Snowboarders surveying the view at Breckenridge Ski Resort, Colorado
Riding the lift at Breckenridge Ski Resort, Colorado

The cultural shift has been profound. The Epic Pass has made it easier for skiers to visit multiple resorts, but it’s also brought crowds, longer lift lines, packed parking lots, and a more commercialized experience. Housing costs in mountain towns have tripled, pricing out the ski bums and seasonal workers who gave these places their character. Local businesses have been pressured by the arrival of corporate chains. Critics argue that the mega-pass model has fundamentally altered the skiing experience, shifting focus from the traditional ski culture to profit-driven models.

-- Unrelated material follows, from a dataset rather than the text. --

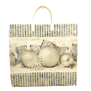 Пакет новогодний праздничный с пластиковой ручкой, размер 38*35*10 см. Красивый плотный пакет подходит для использования в быту и как подарочная упаковка. Продается по 10 штук.

Late day empty skiing at Breckenridge Ski Resort, Colorado

The 2024-25 season recorded 61.5 million visits, the second-highest on record, with Colorado hosting 13.8 million visits, its third-busiest season ever, even though average snowfall across all U.S. ski resorts was down 7% from the previous season and below the long-term averages across the Rocky Mountain, Pacific Northwest and Pacific Southwest regions. The mega-passes have brought economic stability to corporate resorts, creating predictable revenue streams even when the snow is thin. But that stability has come at a cost to the culture and character that made these places special.

It’s an odd time to chase the ski bum dream, even if for me it just means getting 20 to 30 days out on the mountains. But hopefully the snow will hold out and the mountains will survive the corporate changes, and give my own children the opportunities for adventure and exploration for years to come.